My family is moving to Vegas and maybe if Matthew does well, he can come start a new chapter of his life with us.

  I’m about to sound cliché as fuck, especially as a woman. I keep imagining those memes you see online when a man asks a woman where she wants to go out to eat and she responds that she doesn’t know. Well, I’m about to sound just like that bitch. “I don’t know if I wanna talk about it or not.”
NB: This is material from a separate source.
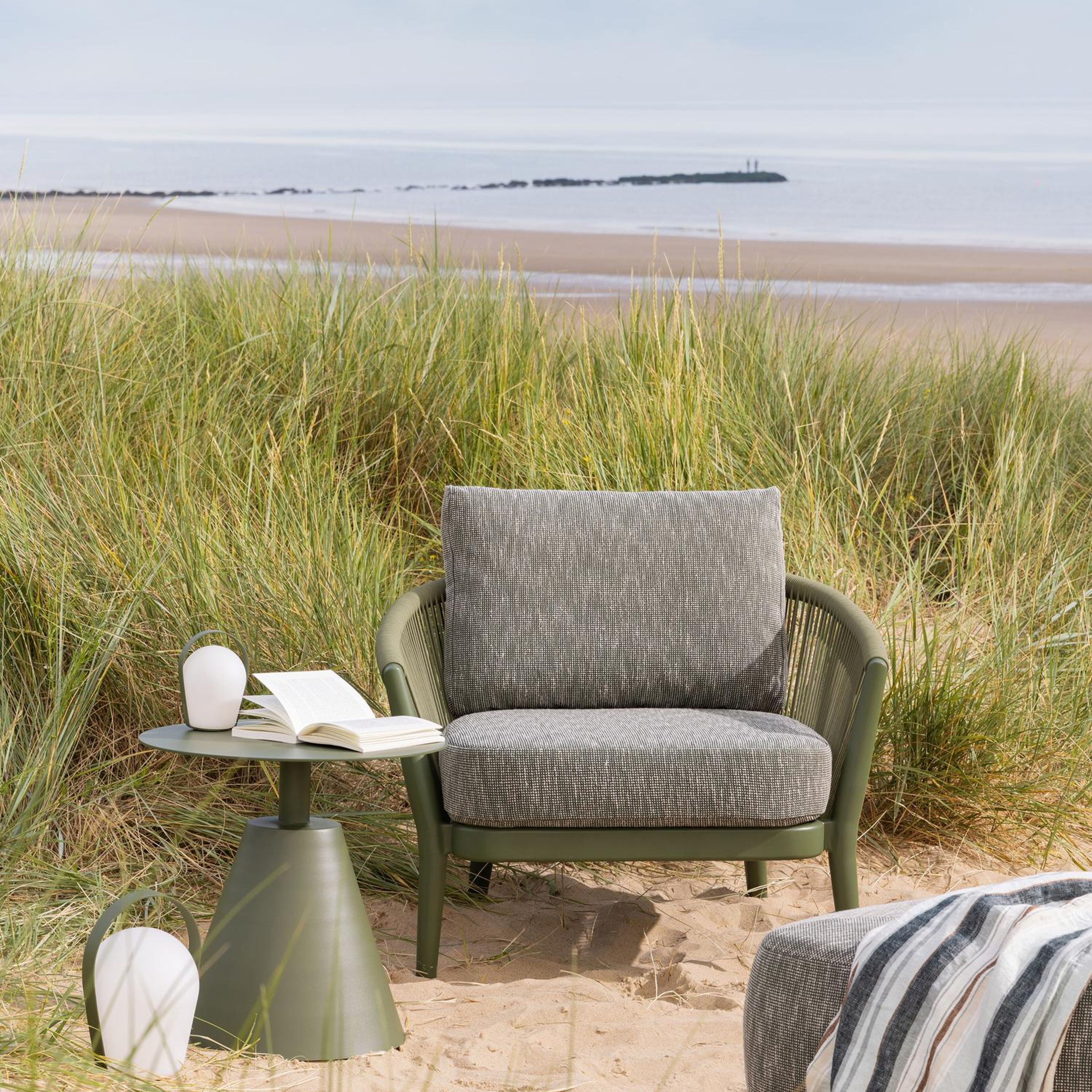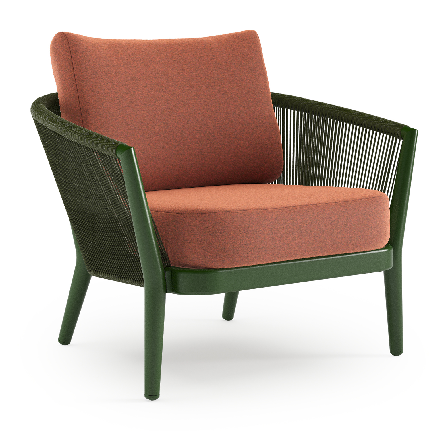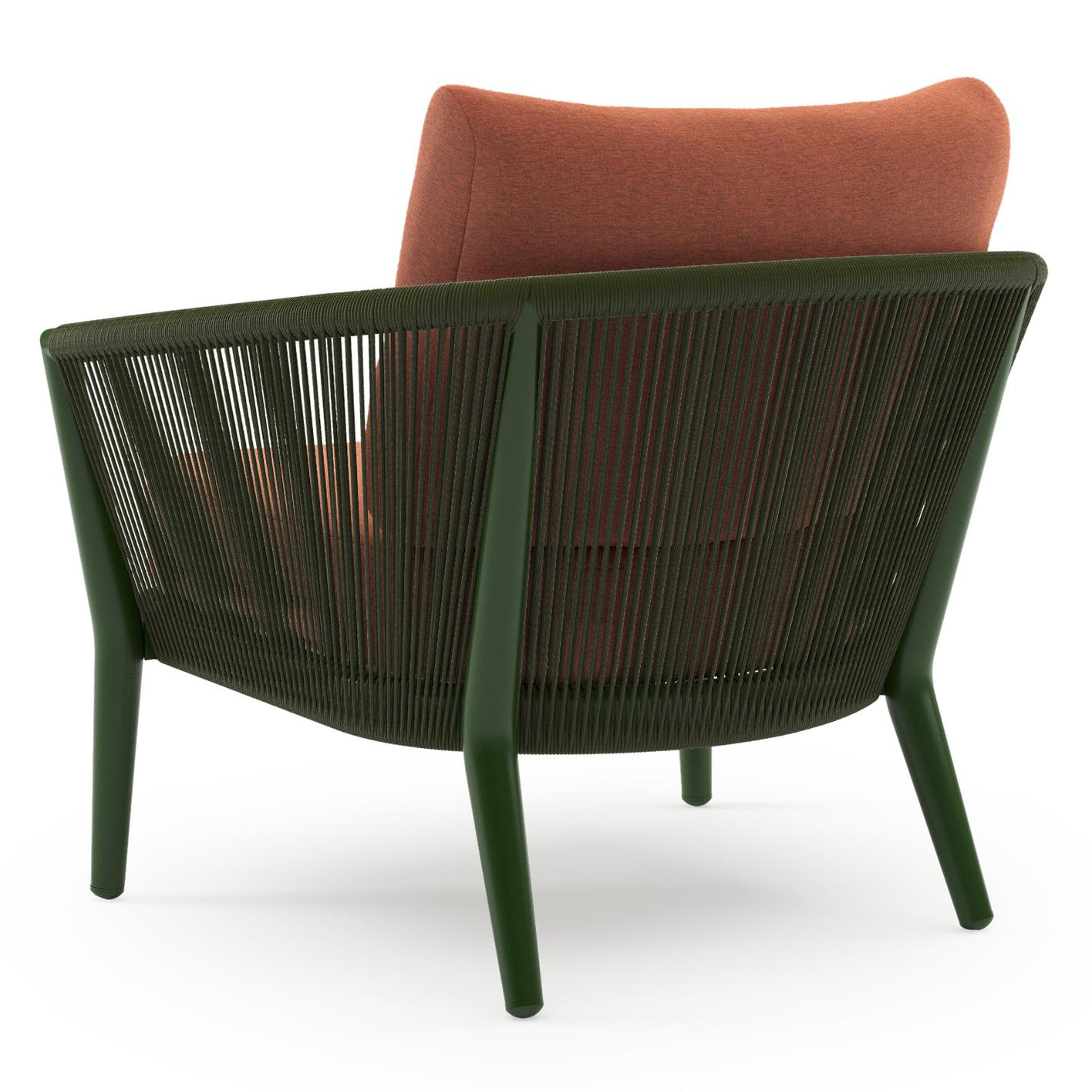 Orso loungestoel in groen aluminium en groen verticaal geweven ronde rope met Heritage Rust all weather sunbrella® luxe kussen | Exterioo tuinmeubelen

  Hawk chuckles softly for a second before stopping. “Alright, well, you don’t have to. Just know if you want to, my ears are always open.”

  “Didn’t realize you could close your ears,” I retort back, peering up at him.

  “Shoot, someone’s feelin’ a bit sassy tonight. Hell, you hungry? I’m wonderin’ if that diner on the edge of town is still open all night.”

  I groan, “You mean the shit diner?”

  “Not everything in the joint is too bad. Hell, have you had their peanut butter pie? Shoot, girl. You’re about to. Come on, I’ve got a date to take you on,” Hawk declares as he walks away from me, right up to my car. I’m still standing firmly in place, mainly from the shock of hearing a man of his masculinity say we’re goin’ on a date. “Are you comin’ or what? I’ll eat the entire pie, Baby Bird.”

  Aw, hell. What have I gotten myself into?

  Chapter Twenty

  Maybe its time to become the person you’ve been waiting for

  ~ Unwritten

  Hawk

  If I was a smart man, I would’ve thought this through a little more. I haven’t been to Big Horn’s diner in a couple of years, and from the looks of it, the changes haven’t been good. The vinyl upholstery over the cushions is peeling back, makin’ it look like I just brought Raven to one of America’s shittiest diners. I’m beginning to think she was right in callin’ it the shit diner.